- Born: Cattleya Vanessa Espina
- Genres: Electronica, digital folk, indie, acoustic, experimental
- Instruments: Guitar, keyboard, harmonica
- Years active: 2000–present
- Label: 22 Tango Records
- Website: https://www.facebook.com/CATTSKI/

= Cattski =

Cattski (born Cattleya Vanessa Espina) is a singer-songwriter, musician, record producer and founder of independent record label 22 Tango Records and Music Publishing. Her record label currently hones 14 in-house talents with about 200 songs in its music catalogue.
Operating hyper-locally, 22 Tango Records' sole purpose is to produce, promote, and distribute Cebuano music. Cattski is supported by institutional partners and major commercial establishments spread across the city. Her role in propagating the music culture on an industry level is evident in the platforms 22 Tango Records has opened including annual music summits, school tours, music makers' bootcamps and one-on-one sessions.

==Production work==
Her body of work as a music producer includes the albums of the Wonggoys, Vincent Eco, Martina San Diego, and Mary Anchit. She is currently producing Lourdes Maglinte's debut, Bethany's sophomore and the 3rd album by the Wonggoys.

In November 2017, Cattski opened Room Eleven Recording Studio, a specialized facility for quality audio production that is devoid of distractions and dedicated to professional development.

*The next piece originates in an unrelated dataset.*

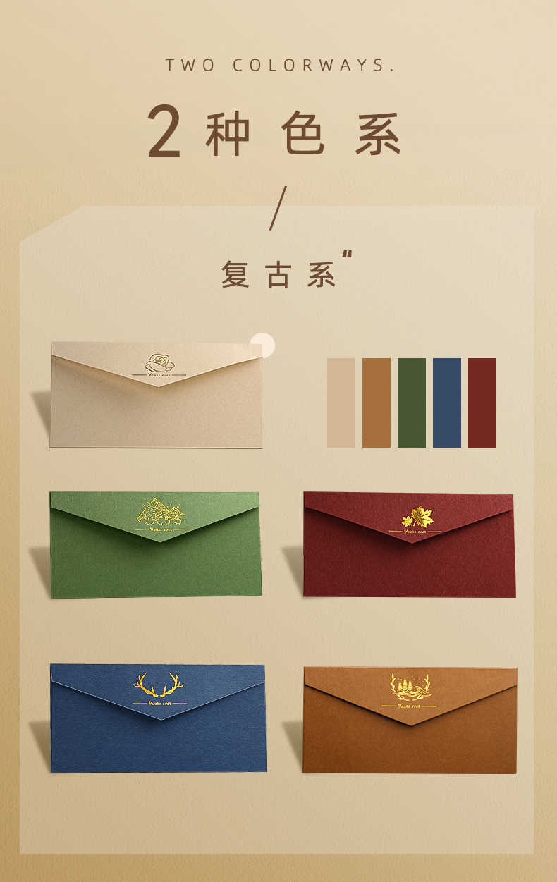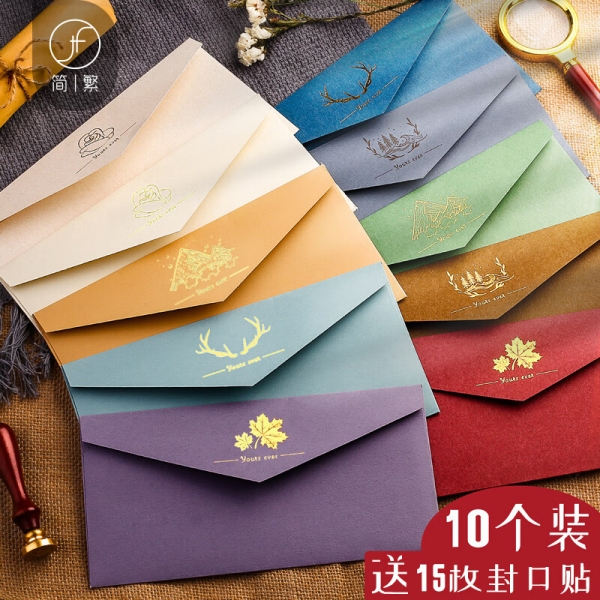 簡(jiǎn)繁 10色混裝簡(jiǎn)約復(fù)古信封信紙手寫(xiě)信箋紙賀卡明信片送老師生日禮物邀請(qǐng)函

==Discography and musical history==
She has released four full-length albums, the self-titled debut Cattski (2001), Vacuum My Inside (2004), Sound Mind Speaks Volumes (2009) and Zero (2012).
Cattski came from a group of her namesake yet disbanded in the year 2010 after ten years of shared music and performances. In order to pay tribute to the band, she then released an anniversary compilation album, Cattski Ten, in 2010, which marked her new path as a solo artist.
Recently performing under the name 'Mother Folker', Cattski is currently producing her 6th studio album while continuing to mentor musicians, widen the community, and pilot 22 Tango Records into realising the vision of making Cebu a destination for music.

==Albums==
Cattski (2001)

Vacuum My Inside (2004)

Sound Mind Speaks Volumes (2009)

Cattski Ten (2010)

Zero (2012)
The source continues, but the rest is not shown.